A Startup CTO’s Guide to the Modern Data Stack
So you’ve hooked up Metabase on your prod replica. Now what?
Plugging your first BI tool on your first source of data (your production backend’s database) is already a step in the right direction. Well done!
But if you’re lucky enough to get some traction internally on your brand new BI tool’s usage, you’ll soon end up with a sprawling collection of disparate queries and dashboards. Because everyone will be trying to find their own answers.
And that’s when things generally get messy… with other additional issues you’ll eventually encounter:
- Your production database won’t scale to handle the analytical workloads on top of your transactional ones.
- Your production database won’t contain the data of your whole business, only from the app it’s serving (no data from your CRM, ERP, ad spend, etc)
- Your production data won’t be ready for easy human consumption, quite the opposite, it should only care about being correctly normalized for your app’s consistent usage.
Now, don’t get me wrong, you can get away with those for some time, by “simply” vertically scaling your replica, by adding other data sources as additional “connections” to your BI tool, and by educating all data users on each and every separate data source available.

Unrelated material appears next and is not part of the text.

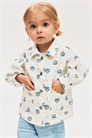 Куртка из хлопкового денима с вышивкой. Отложной воротник, накладные передние карманы и кнопки спереди и на манжетах. Низко опущенные плечи и рукава-баллон.

Or, you can take the next real steps on your analytics journey: bootstrapping your Modern Data Stack.
Personally, I’ve been into data engineering for a few years now and have had the chance of setting up such stacks for a bunch of startups and scaleups over the past couple of years.
Step 1: set up a cloud data warehouse
“Where they are put in boxes, and they come out all the same.”
In order to decouple the scaling of your app’s transactional workloads from that of your analytics workload, the idea is to add a resource specifically tailored to the latter.
Furthermore, the aim will be to make it your central source of truth for what’s going on across your whole business.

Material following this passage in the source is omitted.